> _Listed entries_

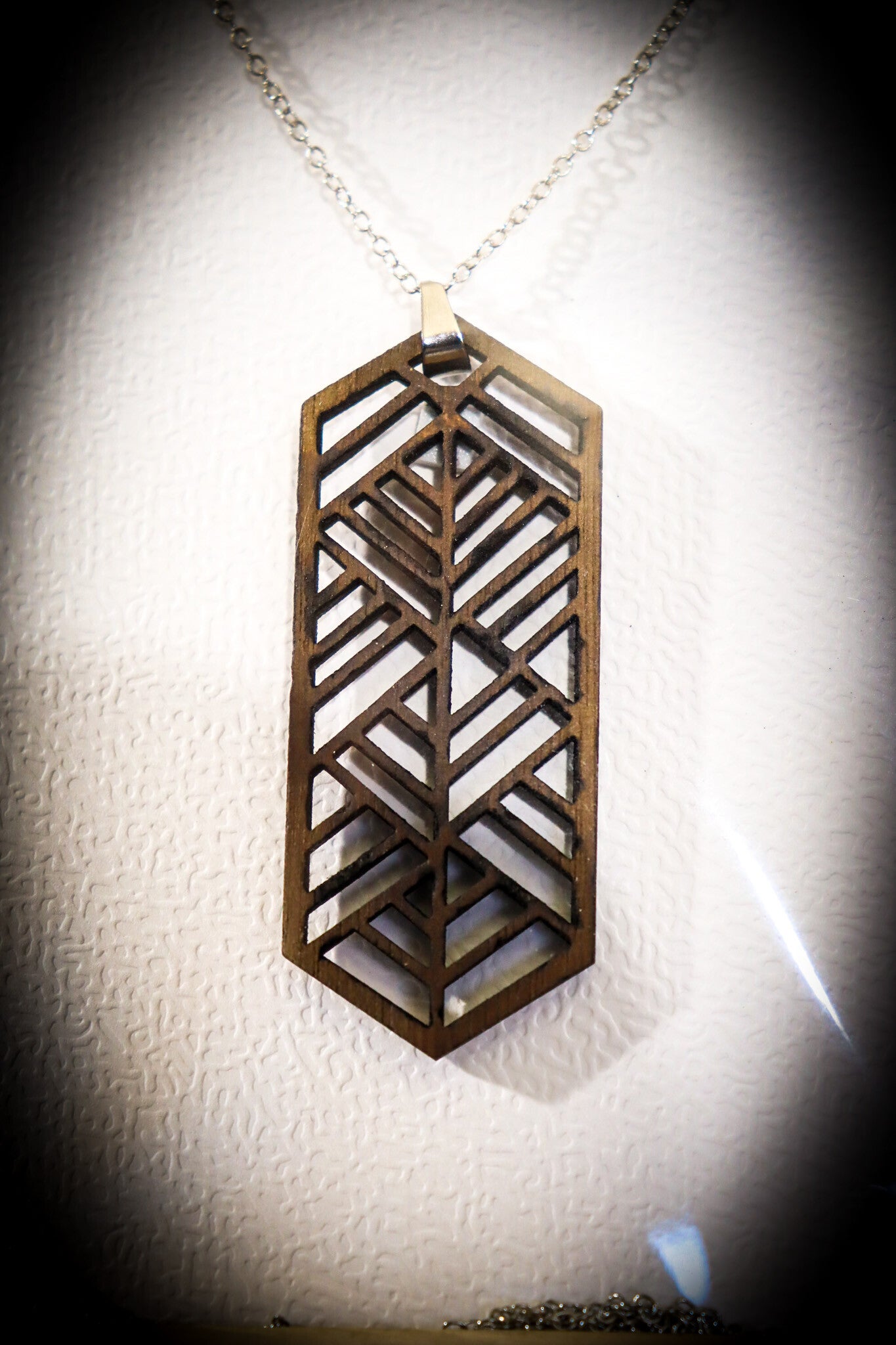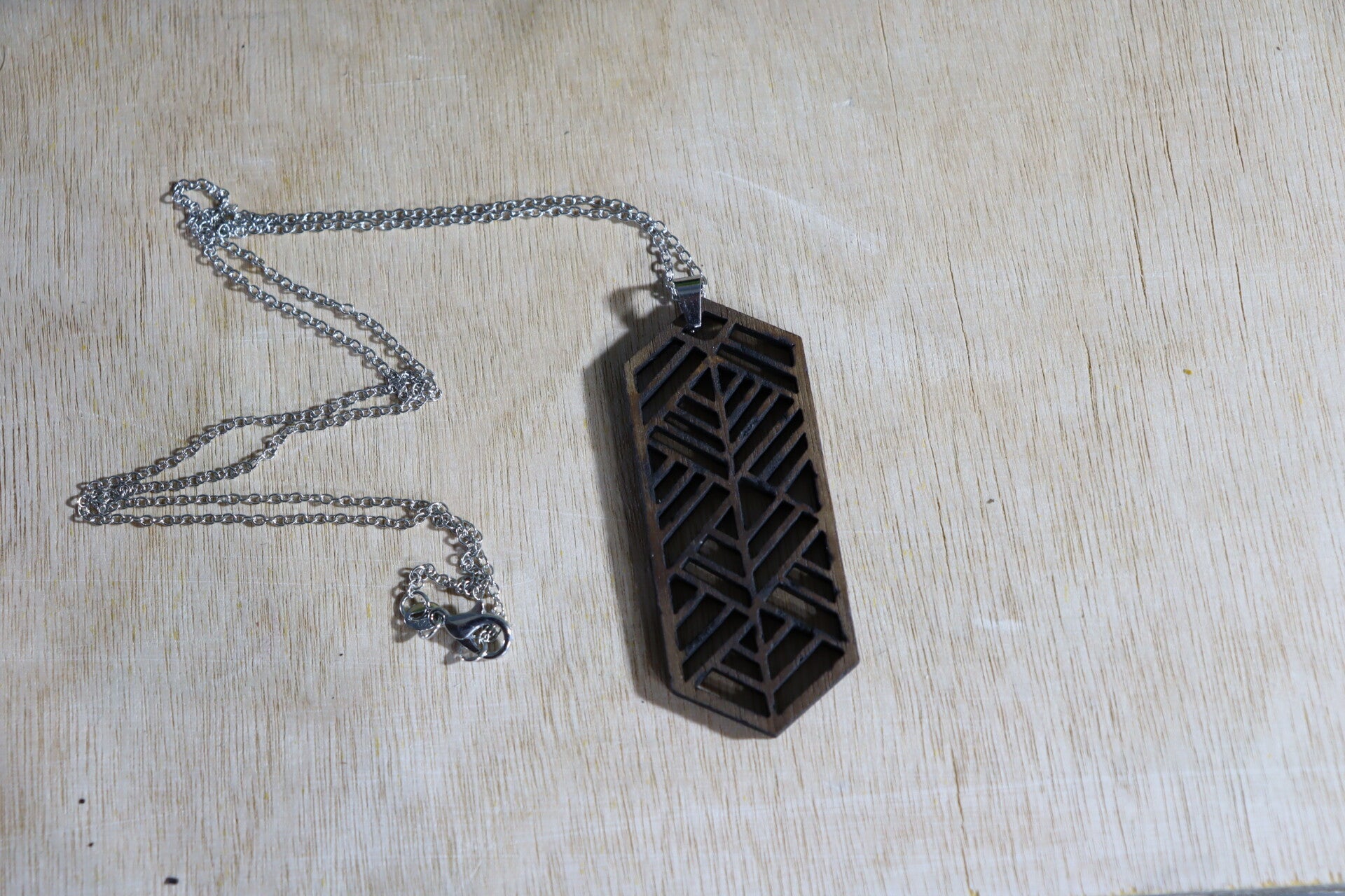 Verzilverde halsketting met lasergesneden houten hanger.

...

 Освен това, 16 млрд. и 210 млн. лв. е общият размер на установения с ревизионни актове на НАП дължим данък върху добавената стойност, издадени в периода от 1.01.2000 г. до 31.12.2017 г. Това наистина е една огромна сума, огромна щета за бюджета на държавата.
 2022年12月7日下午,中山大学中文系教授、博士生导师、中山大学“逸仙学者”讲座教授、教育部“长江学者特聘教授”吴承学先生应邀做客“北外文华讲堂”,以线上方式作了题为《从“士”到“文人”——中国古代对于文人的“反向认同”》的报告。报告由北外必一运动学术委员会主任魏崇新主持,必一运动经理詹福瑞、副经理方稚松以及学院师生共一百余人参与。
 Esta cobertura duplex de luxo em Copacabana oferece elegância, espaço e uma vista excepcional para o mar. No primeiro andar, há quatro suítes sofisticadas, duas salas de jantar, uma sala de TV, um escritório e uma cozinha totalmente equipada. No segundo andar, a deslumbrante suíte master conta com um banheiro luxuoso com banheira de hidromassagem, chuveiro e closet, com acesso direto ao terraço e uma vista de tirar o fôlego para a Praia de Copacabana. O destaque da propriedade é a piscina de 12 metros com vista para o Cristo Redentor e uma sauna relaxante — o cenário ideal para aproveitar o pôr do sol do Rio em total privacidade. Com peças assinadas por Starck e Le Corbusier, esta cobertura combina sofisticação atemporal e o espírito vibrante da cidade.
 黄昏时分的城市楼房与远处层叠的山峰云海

---

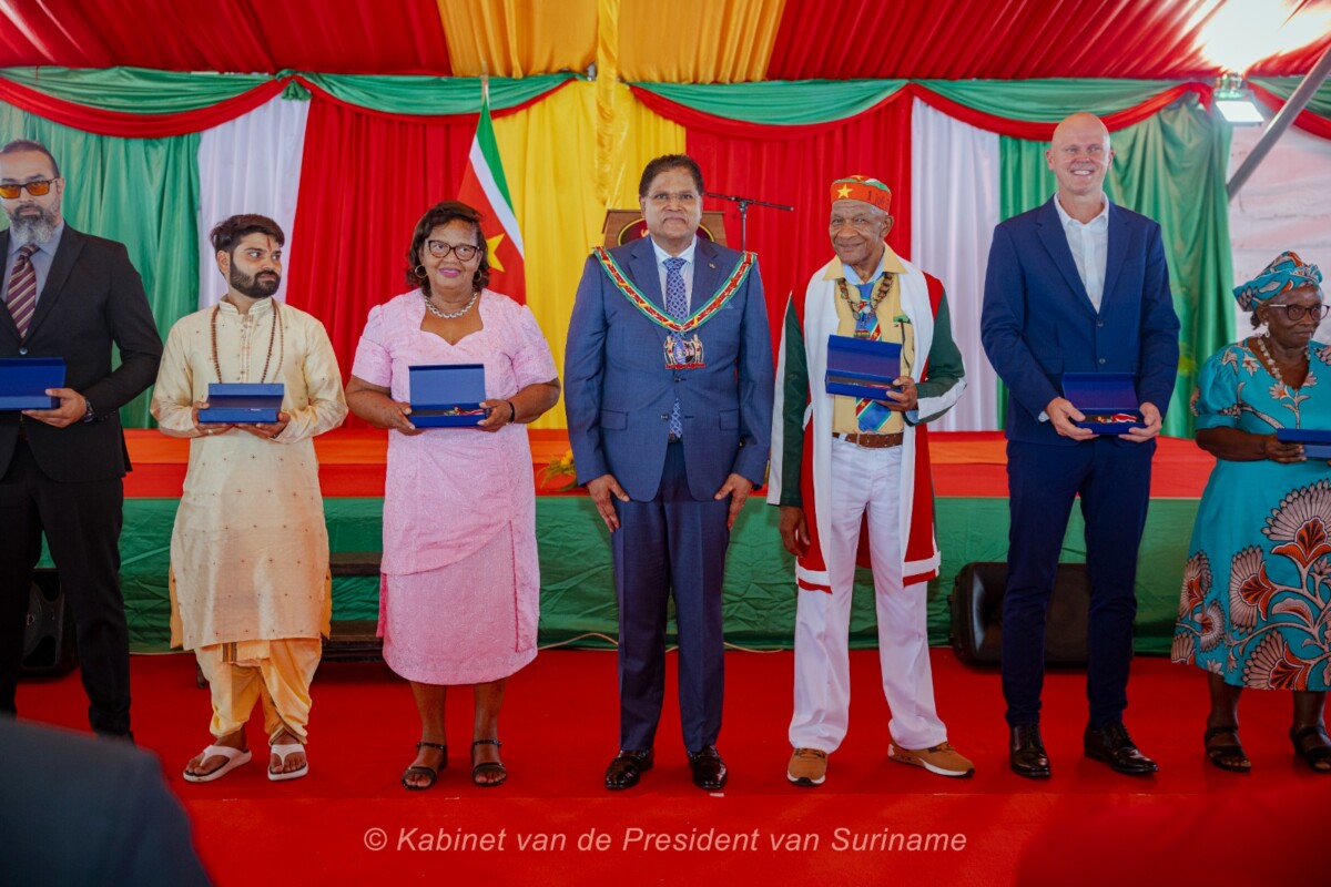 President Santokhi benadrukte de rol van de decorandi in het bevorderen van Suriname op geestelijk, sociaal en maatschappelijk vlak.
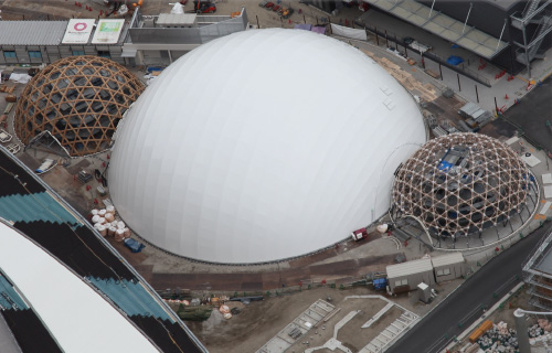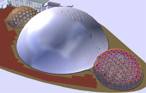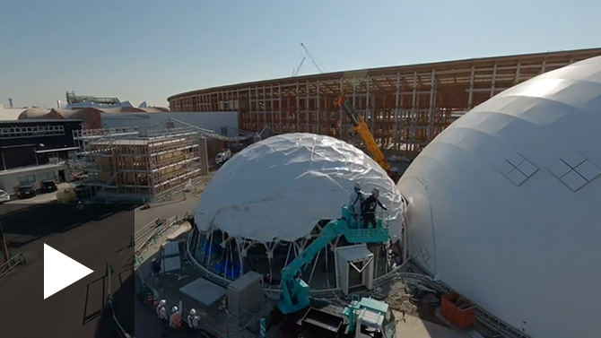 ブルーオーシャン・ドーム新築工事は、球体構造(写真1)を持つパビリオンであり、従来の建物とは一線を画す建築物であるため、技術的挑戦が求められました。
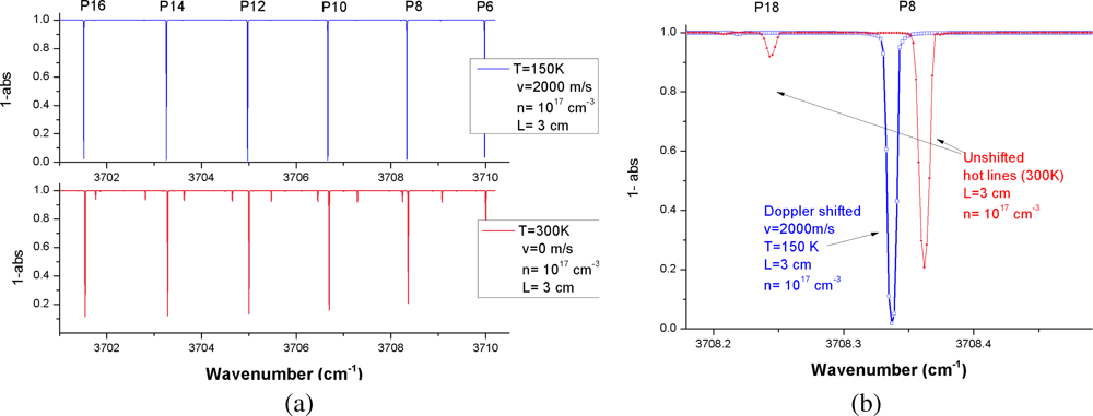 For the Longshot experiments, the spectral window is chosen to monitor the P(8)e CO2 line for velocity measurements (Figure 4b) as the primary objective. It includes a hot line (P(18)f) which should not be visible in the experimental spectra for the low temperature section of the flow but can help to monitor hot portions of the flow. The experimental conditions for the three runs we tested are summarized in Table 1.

> _Brief_
Respond with the exact lines above running from the one containing "ブルーオーシャン・ドーム新築" to the one containing "For the Longshot", both ends kept and no pictures included.

> _Output for this exercise_
 ブルーオーシャン・ドーム新築工事は、球体構造(写真1)を持つパビリオンであり、従来の建物とは一線を画す建築物であるため、技術的挑戦が求められました。
 For the Longshot experiments, the spectral window is chosen to monitor the P(8)e CO2 line for velocity measurements (Figure 4b) as the primary objective. It includes a hot line (P(18)f) which should not be visible in the experimental spectra for the low temperature section of the flow but can help to monitor hot portions of the flow. The experimental conditions for the three runs we tested are summarized in Table 1.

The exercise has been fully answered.